***** THE DATA *****

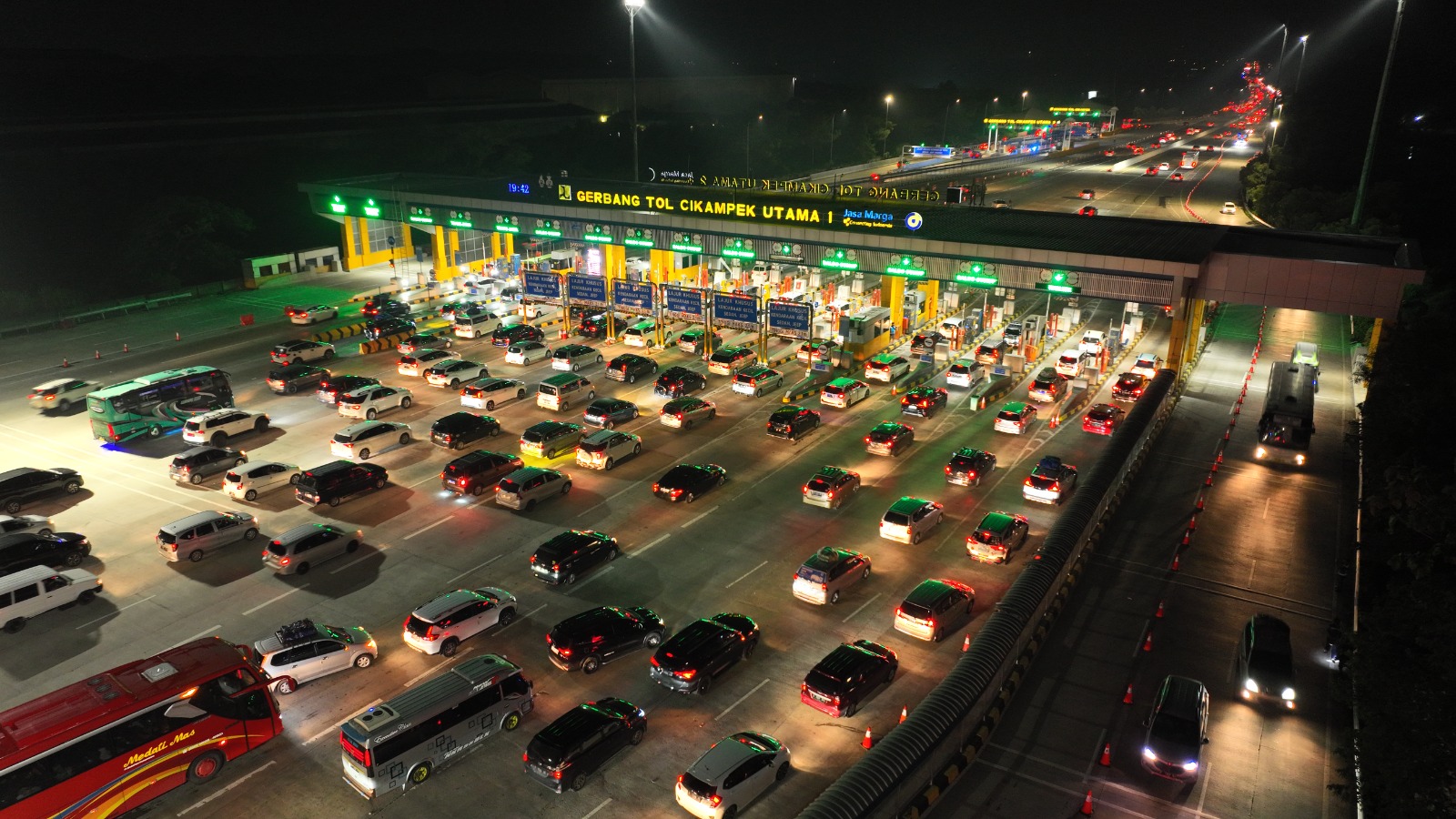 Cikampek, Lintas – Arus mudik via jalan tol tertinggi hingga saat ini terjadi pada Rabu (19/4/2023) atau H-3 Lebaran 2023. Meski volume kendaraan di jalan tol melonjak drastis, arus mudik dapat tertangani dengan relatif baik.
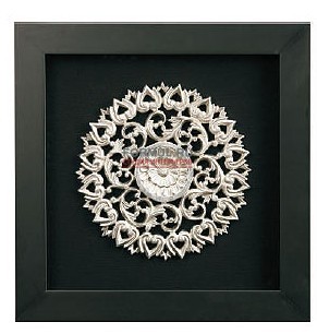 Настенное панно в деревянной рамке под стеклом отличается внушительными размерами –500х500х40 мм. Узор оттенка металлик, оформленный изящной окружностью, на черном фоне смотрится необыкновенно стильно. Сдержанный, роскошный коктейль, состоящий из контрастной композиции, идеально подойдет и в жилой интерьер, и в рабочее пространство.
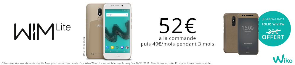 Wiko WIMlite : Du nouveau pour ce smartphone qui se voit associer un folio WIView offert (valeur 39€) : Couleur beige avec Wimlite Gold / Couleur noir avec Wim lite Rouge ou Black. Cette offre est valable jusqu’au 16 novembre.
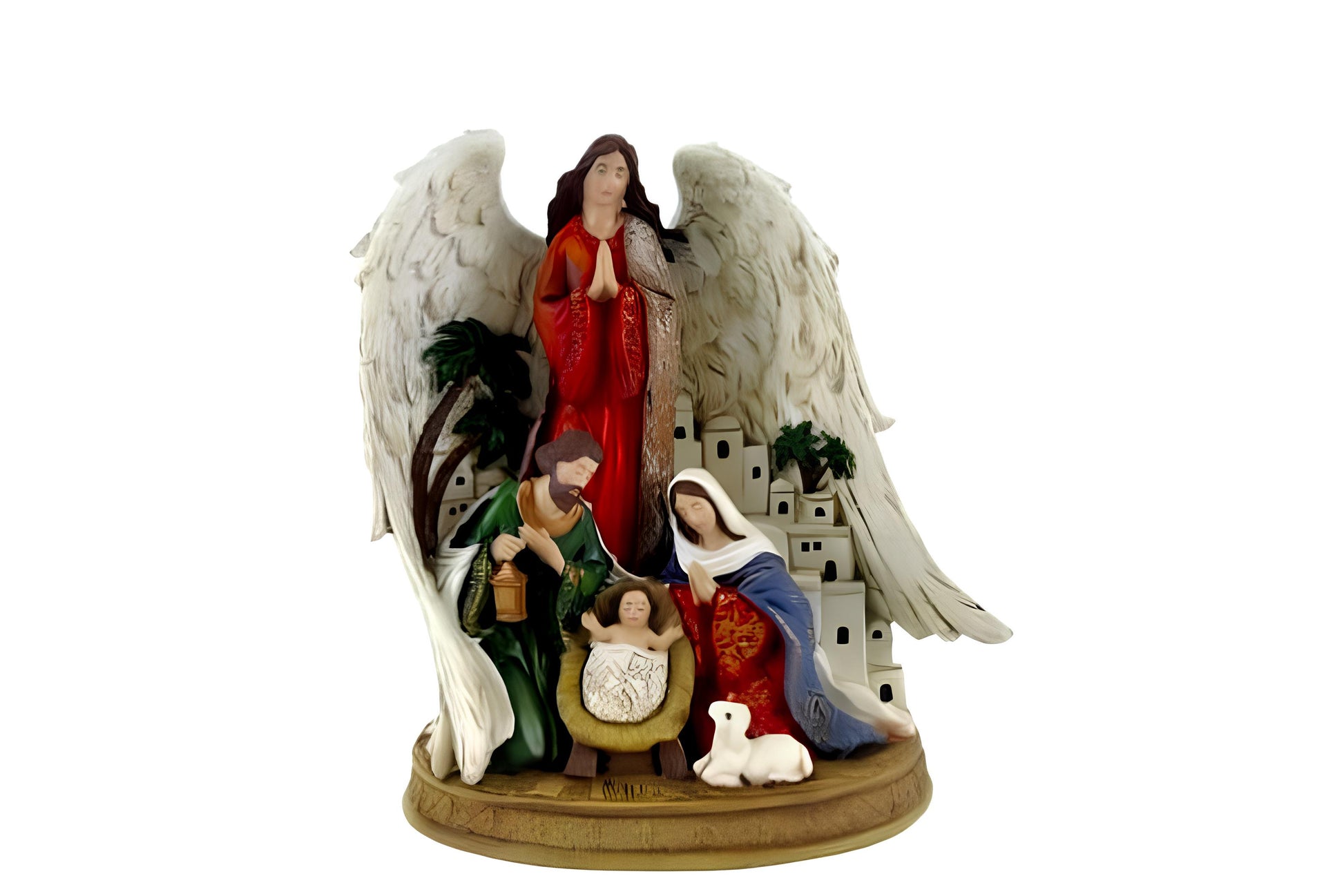 Peça religiosa em resina de alta qualidade, com 22 cm de altura, representando a cena do nascimento de Jesus com a presença de Maria, José, o Menino Jesus, um anjo protetor e outros elementos simbólicos. Os detalhes pintados à mão, as cores vivas e a riqueza de texturas tornam esta imagem uma peça especial para a decoração natalícia ou para um espaço de devoção.
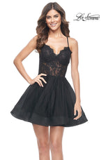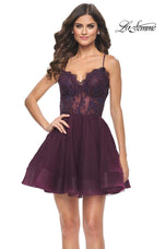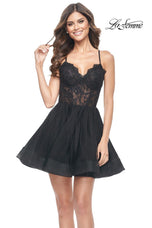 Embrace timeless elegance with the La Femme Style 31769 A-Line Homecoming Dress, a true masterpiece for Homecoming 2023. The corset bodice and illusion lace detailing create a captivating look that seamlessly combines allure with sophistication. The sweetheart neckline adds a touch of romance, while the A-line silhouette flatters every figure. The lace-up back not only provides a perfect fit but also adds a charming detail to the dress. From the moment you slip into this La Femme creation, you'll feel confident and radiant, ready to make a statement at your homecoming event. Let your style shine in a dress that embodies grace, modernity, and sheer beauty, setting the tone for an unforgettable evening.
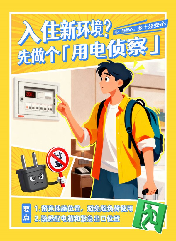 國慶、中秋雙節將至,家家戶戶團聚出游,用電安全可不能忽視!離開家前記得拔掉電器插頭,關閉總電源,避免雷雨天氣引發隱患﹔露營用電選擇戶外專用移動電源,照明燈具懸挂遠離帳篷布料﹔團聚時刻注意,不超負荷使用插座,遠離可燃物,使用合格電器產品,杜絕安全隱患。(全昕)
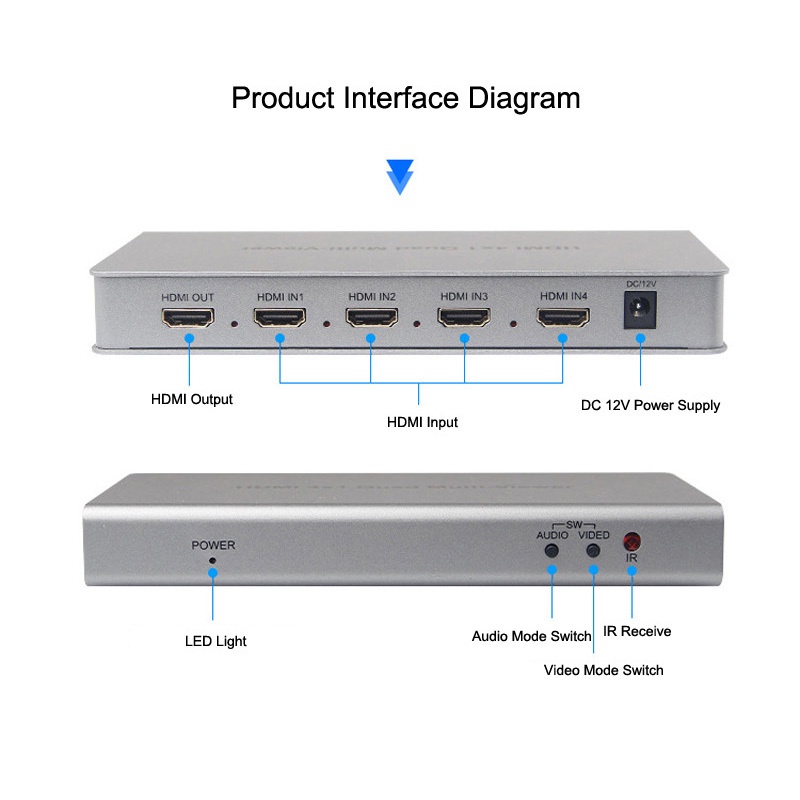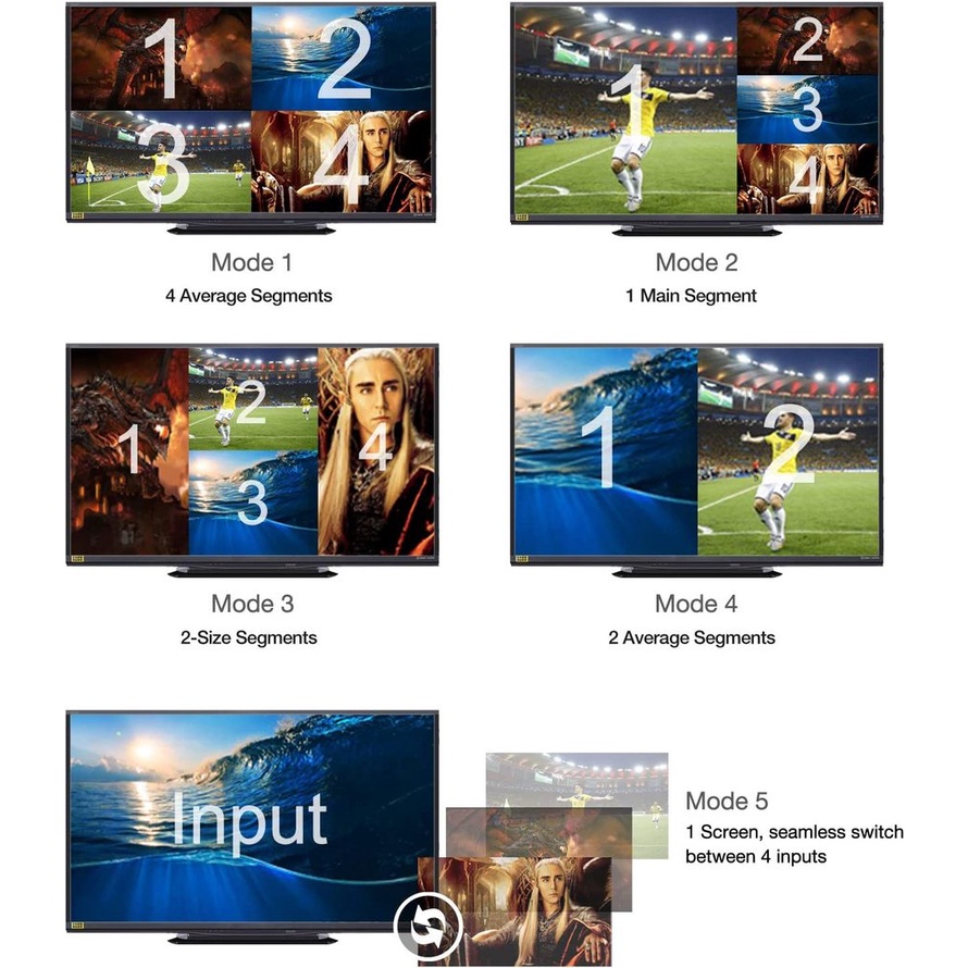 HDMI Quad Multi-viewer 4x1 HDMI Quad Screen Segmentation Splitter 4 In 1 Out video Multiviewer Seamless Switcher 5 Viewing Modes

*****

## [EXERCISE AIM]
Your answer should be the lines above from the one that contains "Embrace timeless elegance" through the last, set down exactly, with the pictures removed.

## [RESULT OF THE EXERCISE]
 Embrace timeless elegance with the La Femme Style 31769 A-Line Homecoming Dress, a true masterpiece for Homecoming 2023. The corset bodice and illusion lace detailing create a captivating look that seamlessly combines allure with sophistication. The sweetheart neckline adds a touch of romance, while the A-line silhouette flatters every figure. The lace-up back not only provides a perfect fit but also adds a charming detail to the dress. From the moment you slip into this La Femme creation, you'll feel confident and radiant, ready to make a statement at your homecoming event. Let your style shine in a dress that embodies grace, modernity, and sheer beauty, setting the tone for an unforgettable evening.
 國慶、中秋雙節將至,家家戶戶團聚出游,用電安全可不能忽視!離開家前記得拔掉電器插頭,關閉總電源,避免雷雨天氣引發隱患﹔露營用電選擇戶外專用移動電源,照明燈具懸挂遠離帳篷布料﹔團聚時刻注意,不超負荷使用插座,遠離可燃物,使用合格電器產品,杜絕安全隱患。(全昕)
 HDMI Quad Multi-viewer 4x1 HDMI Quad Screen Segmentation Splitter 4 In 1 Out video Multiviewer Seamless Switcher 5 Viewing Modes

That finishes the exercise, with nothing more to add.